Following establishment of a successful knockdown model, the influence of COP1 overexpression on the growth of RCC AHCN cells was assessed using cell counting and colony formation assays. AHCN(COP1+) and AHCN(Con) cells were seeded with an initial titer of 10³ cells/ml in 12-well plates, and the cell number was counted every 24 h post-seeding. In a separate experiment, the seeded cells were transfected with siRNA-COP1 or siRNA-Con and the cell numbers were counted. As demonstrated in Fig. 2E, the titer of the AHCN(COP1+) cells was lower when compared with the AHCN(Con) cells; however, no significant difference was identified between the two groups. Furthermore, the transfection of siRNA-COP1 did not significantly influence the proliferation of AHCN(COP1+) cells (Fig. 2F; P>0.05). In addition, the overexpression of COP1 did not demonstrate a significant change in the colony numbers of AHCN cells (Fig. 3A and B). However, COP1 overexpression resulted in a significantly reduced colony size when compared with those of the AHCN(Con) group (Fig. 3C; P<0.05). These data indicate that COP1 overexpression exerts a limited influence on the growth of RCC cells.

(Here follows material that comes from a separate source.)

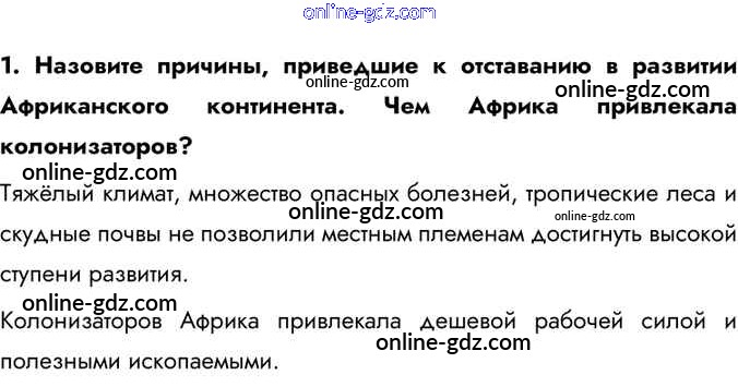 Готовые домашние задания по Истории за 9 класс Учебник Юдовская, Баранов 2019 - Вопросы §16. Африка в XIX — начале XX в. 1

It has been proposed that cell migration contributes to tumor metastasis (19). To further investigate the regulatory role of COP1 in the progression of RCC, the migration of AHCN(COP1+) and AHCN(Con) cells was assessed via scratch assay. The results demonstrated fewer migratory cells in the AHCN(COP1+) group when compared with the AHCN(Con) group (Fig. 4A and B; P<0.001). To further evaluate the invasion of AHCN(COP1+) and AHCN(Con) cells, the Matrigel-coated transwell assay was utilized. The results demonstrated a reduced number of invasive cells per field in the AHCN(COP1+) group when compared with the AHCN(Con) group (Fig. 4C; P<0.01). The results from the assays indicated that COP1 overexpression reduced the migration and invasion of RCC cells in vitro.

COP1 has been indicated to promote the degradation of ETV1 (14). To deduce the inhibition to the migration of AHCN cells by overexpressed COP1, the ETV1 and MMP7 expression levels in the AHCN(COP1+) and AHCN(Con) cells were assessed. No significant difference was observed in the ETV1 mRNA expression levels between the AHCN(COP1+) and AHCN(Con) groups (Fig. 5A; P<0.05). However, the MMP7 mRNA expression levels were significantly downregulated in the AHCN(COP1+) group compared with the AHCN(Con) group (Fig. 5B; P<0.01). Furthermore, the protein levels of the two markers were significantly downregulated in the AHCN(COP1+) group compared with the AHCN(Con) group (Fig. 5C–E; P<0.01). These data indicate that MMP7 is significantly inhibited by the overexpression of COP1.